*Work instructions*:
None of the pictures should appear; the lines from the line containing "Best Of (1988)." through the last line of the listing must be repeated exactly.

*Information provided*:
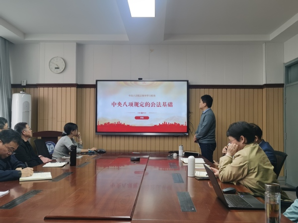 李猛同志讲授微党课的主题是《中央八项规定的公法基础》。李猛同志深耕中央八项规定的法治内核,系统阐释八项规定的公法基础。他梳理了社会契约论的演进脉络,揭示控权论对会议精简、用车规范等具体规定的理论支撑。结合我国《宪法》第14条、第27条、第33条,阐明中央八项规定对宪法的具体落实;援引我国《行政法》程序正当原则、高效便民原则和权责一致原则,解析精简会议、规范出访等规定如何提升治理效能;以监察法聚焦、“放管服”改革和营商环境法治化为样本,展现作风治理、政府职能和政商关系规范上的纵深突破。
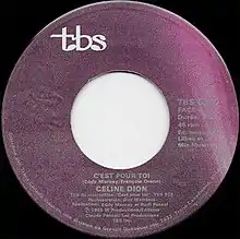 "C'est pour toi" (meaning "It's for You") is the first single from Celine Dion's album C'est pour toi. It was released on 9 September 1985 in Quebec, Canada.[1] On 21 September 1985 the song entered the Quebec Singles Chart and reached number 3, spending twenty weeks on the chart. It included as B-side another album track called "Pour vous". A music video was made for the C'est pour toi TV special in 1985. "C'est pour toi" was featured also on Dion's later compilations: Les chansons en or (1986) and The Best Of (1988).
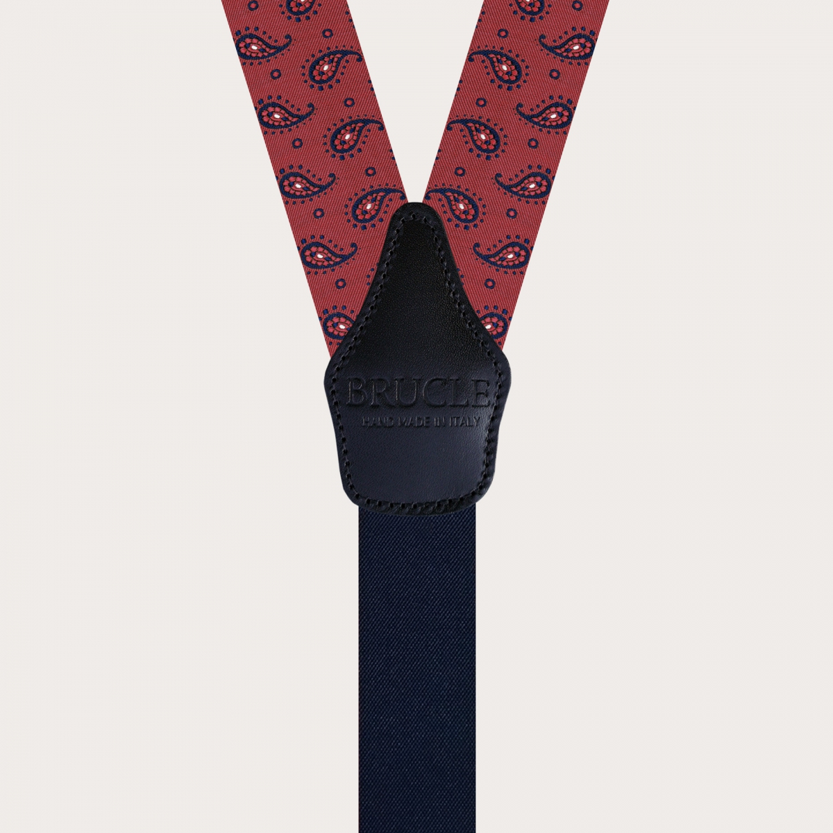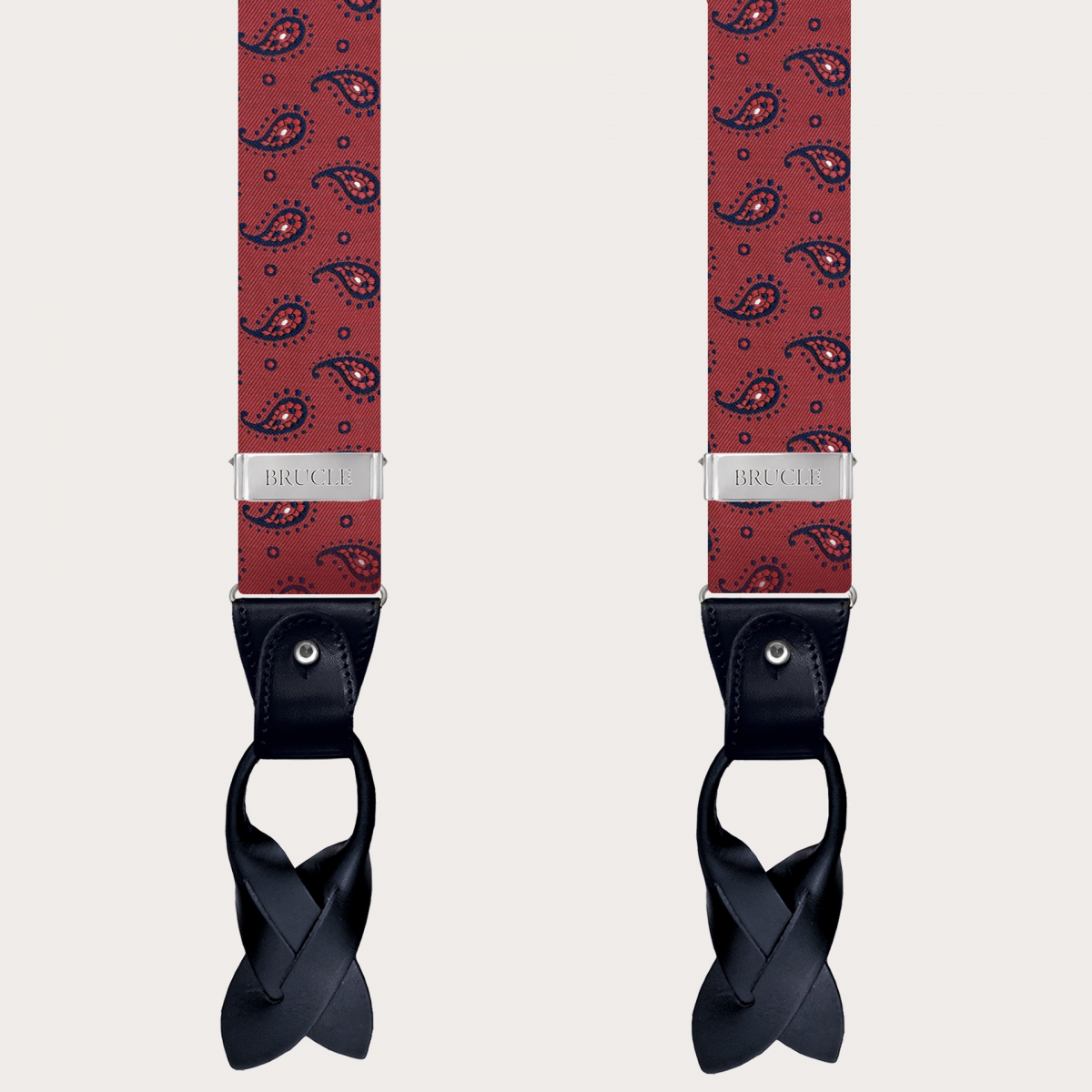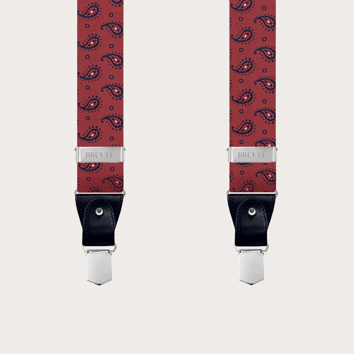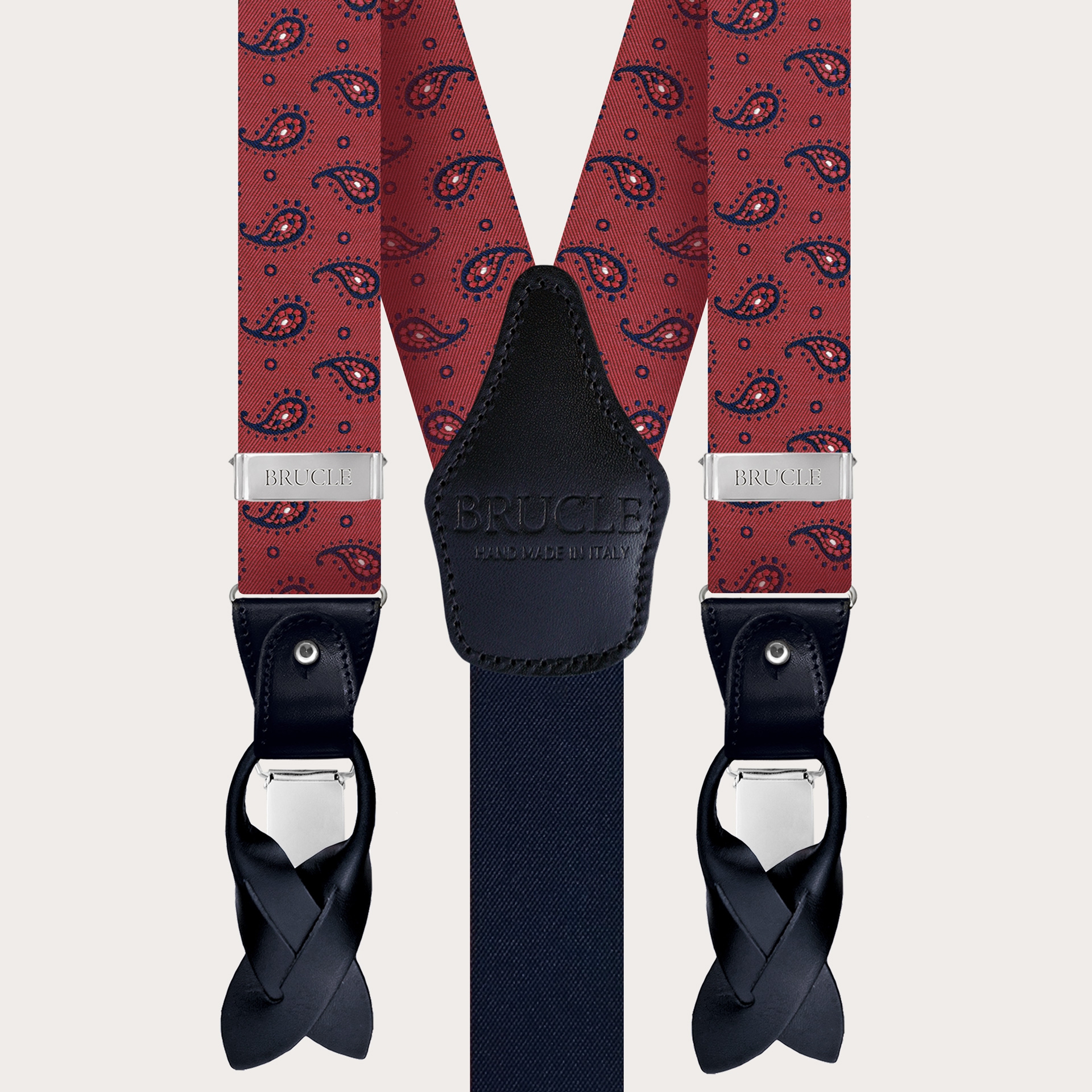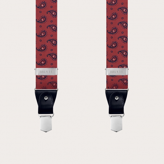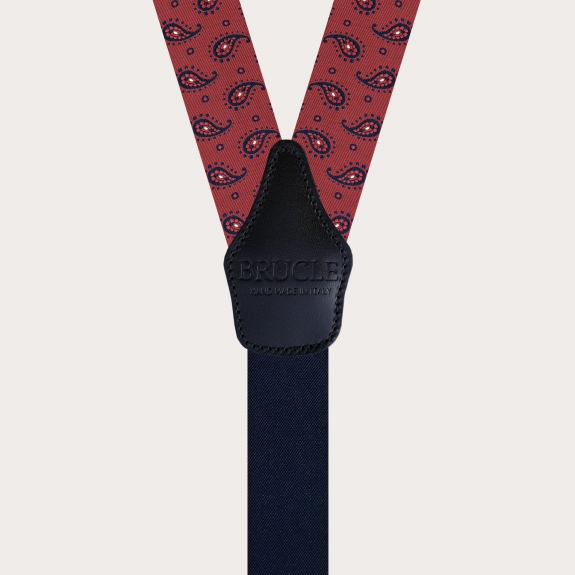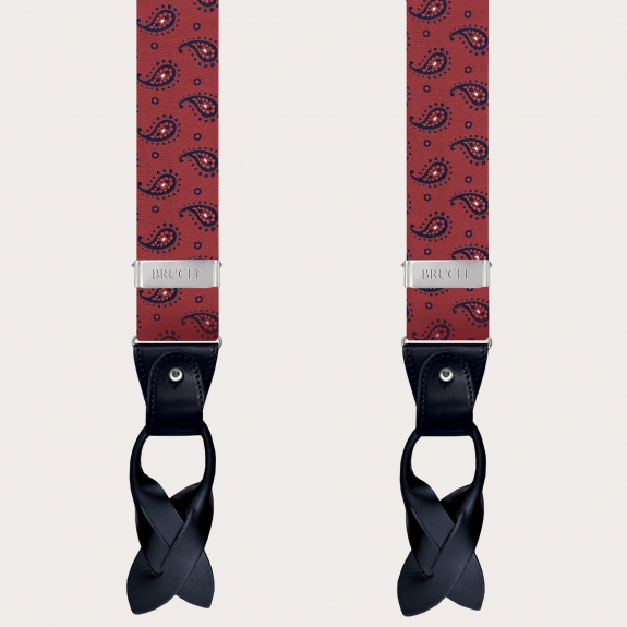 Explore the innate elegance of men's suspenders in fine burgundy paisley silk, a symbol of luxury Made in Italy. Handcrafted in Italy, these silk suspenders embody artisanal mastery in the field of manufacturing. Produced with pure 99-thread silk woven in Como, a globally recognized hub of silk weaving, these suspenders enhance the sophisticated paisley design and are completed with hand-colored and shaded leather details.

*The completed task*:
 "C'est pour toi" (meaning "It's for You") is the first single from Celine Dion's album C'est pour toi. It was released on 9 September 1985 in Quebec, Canada.[1] On 21 September 1985 the song entered the Quebec Singles Chart and reached number 3, spending twenty weeks on the chart. It included as B-side another album track called "Pour vous". A music video was made for the C'est pour toi TV special in 1985. "C'est pour toi" was featured also on Dion's later compilations: Les chansons en or (1986) and The Best Of (1988).
 Explore the innate elegance of men's suspenders in fine burgundy paisley silk, a symbol of luxury Made in Italy. Handcrafted in Italy, these silk suspenders embody artisanal mastery in the field of manufacturing. Produced with pure 99-thread silk woven in Como, a globally recognized hub of silk weaving, these suspenders enhance the sophisticated paisley design and are completed with hand-colored and shaded leather details.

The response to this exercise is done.